Слёзы текли по лицу Бесомира. Он плакал не о сгинувшем чудовище, не о могуществе, которое оно могло дать. И не о любовнице — у него их хватало. А о единственной душе, которой он мог не опасаться, для которой он был просто Бесомиром, а не опасным и мстительным друидом Буссумаром. Теперь-то он не бросит колдовства, не поселится в лесах: не с кем и незачем. Его уже не трогало падение царства бастарнов и могущества друидов. Одно ему оставалось, чтобы жизнь не утратила смысл: мстить Солнце-Царю, погубить и обесславить его.

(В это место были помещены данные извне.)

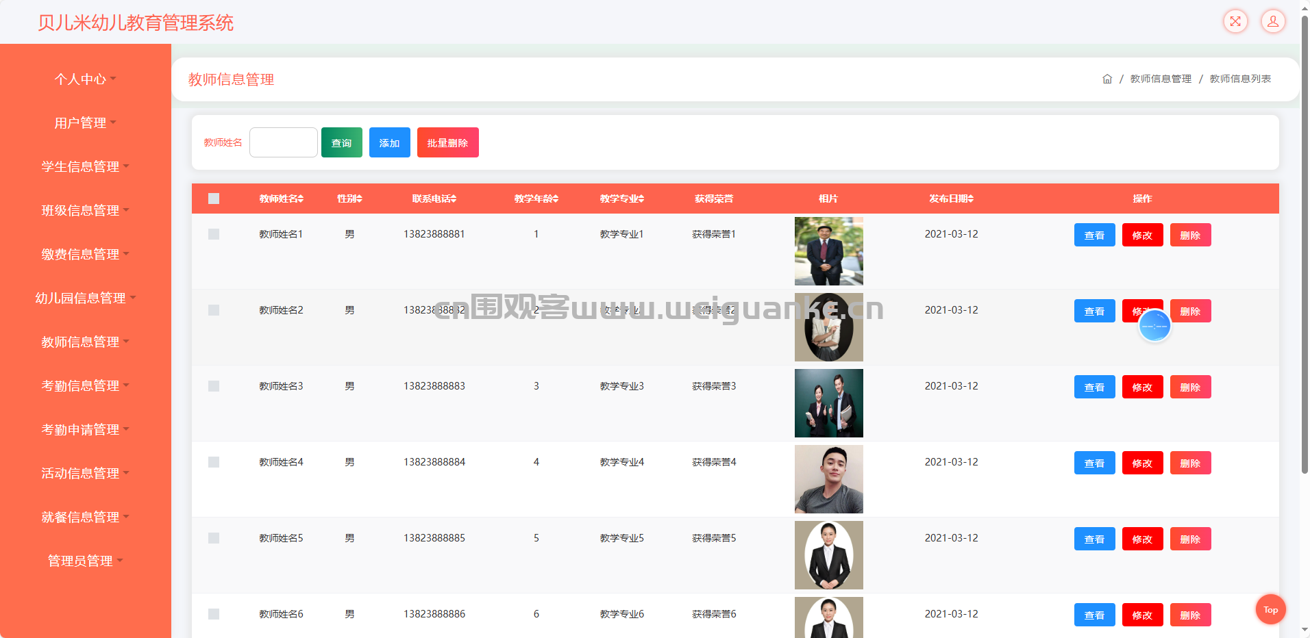 教师信息管理:教职工档案、职称、合同与评价一站式维护,支持一键排班。

Росы в тот день не стали дальше преследовать друидов. Весь вечер пировали и веселились в долине, благо баранины хватало, да ещё словене из соседних сел нанесли угощения. А наутро в стане появился незнакомец. Седой, как лунь, длиннобородый, благообразный, он назвался Светломиром, странствующим волхвом. Вышата о таком слышал, но не встречался. Гость сообщил, что друиды разбежались по лесам и ловить их теперь можно разве что поодиночке. С чувством, но без заискивания восхвалил великие подвиги царя росов. Потом сказал:
— Есть подвиг, царь, одного тебя достойный. В истоках Велесницы появились два чудовища. Одно — Сыроед, великан одноглазый. От его взгляда вода пропадает, уходит под землю. Другое — змей, что воду выпивает из рек, озёр, облаков. И нет на них управы ни от людей, ни от богов.
— Здешние словене мне о них не говорили, — удивился царь.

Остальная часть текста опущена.